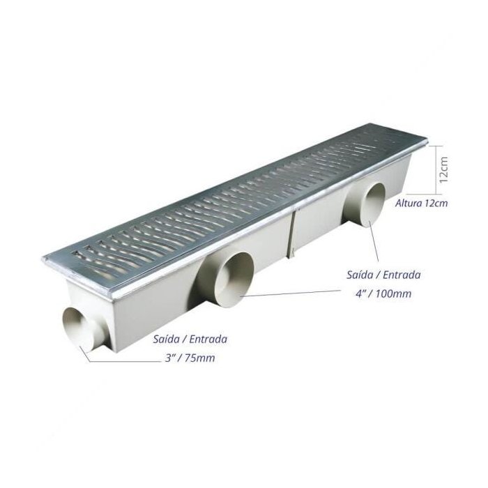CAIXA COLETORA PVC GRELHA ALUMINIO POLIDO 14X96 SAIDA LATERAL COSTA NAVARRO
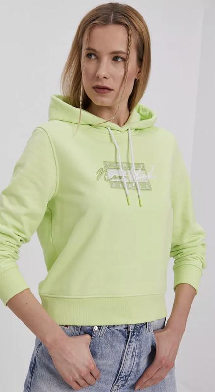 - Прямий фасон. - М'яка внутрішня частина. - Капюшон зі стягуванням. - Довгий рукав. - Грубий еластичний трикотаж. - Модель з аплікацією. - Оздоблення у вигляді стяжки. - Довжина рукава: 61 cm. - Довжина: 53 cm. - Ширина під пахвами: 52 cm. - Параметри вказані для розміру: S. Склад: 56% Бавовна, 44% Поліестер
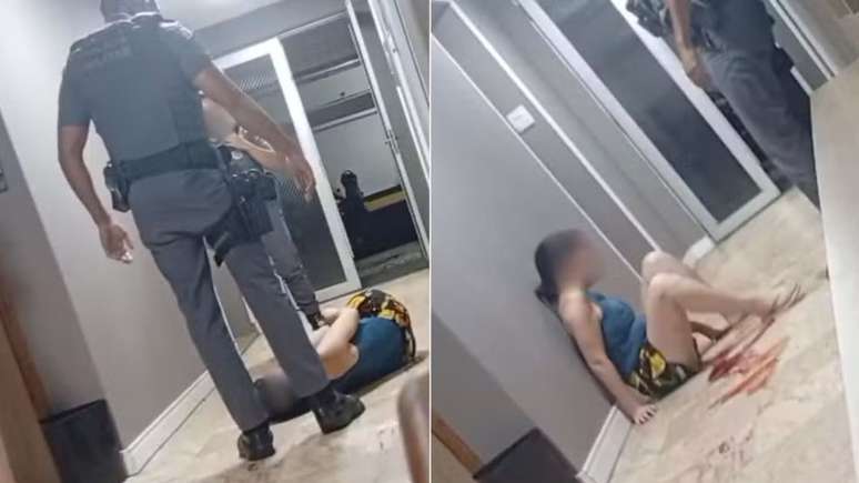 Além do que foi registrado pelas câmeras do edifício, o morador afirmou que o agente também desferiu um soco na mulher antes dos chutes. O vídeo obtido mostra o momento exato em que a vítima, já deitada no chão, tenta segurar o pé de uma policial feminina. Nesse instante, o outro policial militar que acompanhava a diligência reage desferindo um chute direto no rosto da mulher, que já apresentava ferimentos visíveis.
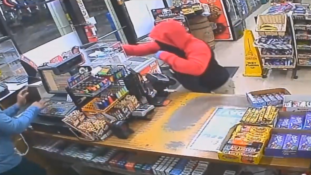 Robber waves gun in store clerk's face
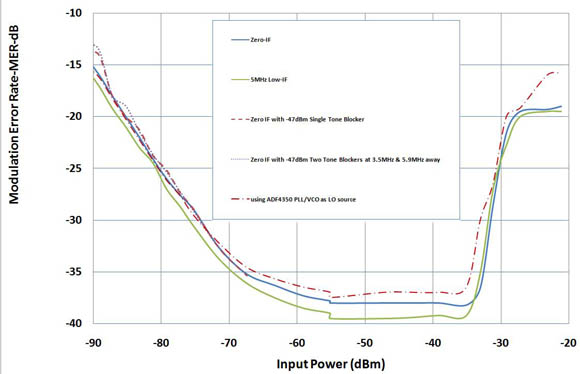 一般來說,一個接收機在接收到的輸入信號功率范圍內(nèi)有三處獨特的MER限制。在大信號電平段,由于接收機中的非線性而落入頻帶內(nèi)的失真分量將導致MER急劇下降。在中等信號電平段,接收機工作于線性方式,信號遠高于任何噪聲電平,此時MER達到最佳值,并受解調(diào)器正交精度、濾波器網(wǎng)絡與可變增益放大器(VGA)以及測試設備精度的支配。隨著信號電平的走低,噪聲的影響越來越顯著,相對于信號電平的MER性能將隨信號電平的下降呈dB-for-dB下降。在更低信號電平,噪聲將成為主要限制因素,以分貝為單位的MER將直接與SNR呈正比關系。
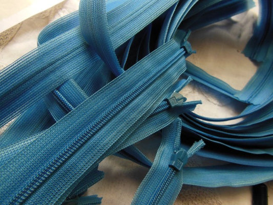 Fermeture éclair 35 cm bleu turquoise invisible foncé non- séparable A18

> [What you have to do]
Leave the pictures out and output the rest of the listing exactly.

> [Answer box]
CAIXA COLETORA PVC GRELHA ALUMINIO POLIDO 14X96 SAIDA LATERAL COSTA NAVARRO
 - Прямий фасон. - М'яка внутрішня частина. - Капюшон зі стягуванням. - Довгий рукав. - Грубий еластичний трикотаж. - Модель з аплікацією. - Оздоблення у вигляді стяжки. - Довжина рукава: 61 cm. - Довжина: 53 cm. - Ширина під пахвами: 52 cm. - Параметри вказані для розміру: S. Склад: 56% Бавовна, 44% Поліестер
 Além do que foi registrado pelas câmeras do edifício, o morador afirmou que o agente também desferiu um soco na mulher antes dos chutes. O vídeo obtido mostra o momento exato em que a vítima, já deitada no chão, tenta segurar o pé de uma policial feminina. Nesse instante, o outro policial militar que acompanhava a diligência reage desferindo um chute direto no rosto da mulher, que já apresentava ferimentos visíveis.
 Robber waves gun in store clerk's face
 一般來說,一個接收機在接收到的輸入信號功率范圍內(nèi)有三處獨特的MER限制。在大信號電平段,由于接收機中的非線性而落入頻帶內(nèi)的失真分量將導致MER急劇下降。在中等信號電平段,接收機工作于線性方式,信號遠高于任何噪聲電平,此時MER達到最佳值,并受解調(diào)器正交精度、濾波器網(wǎng)絡與可變增益放大器(VGA)以及測試設備精度的支配。隨著信號電平的走低,噪聲的影響越來越顯著,相對于信號電平的MER性能將隨信號電平的下降呈dB-for-dB下降。在更低信號電平,噪聲將成為主要限制因素,以分貝為單位的MER將直接與SNR呈正比關系。
 Fermeture éclair 35 cm bleu turquoise invisible foncé non- séparable A18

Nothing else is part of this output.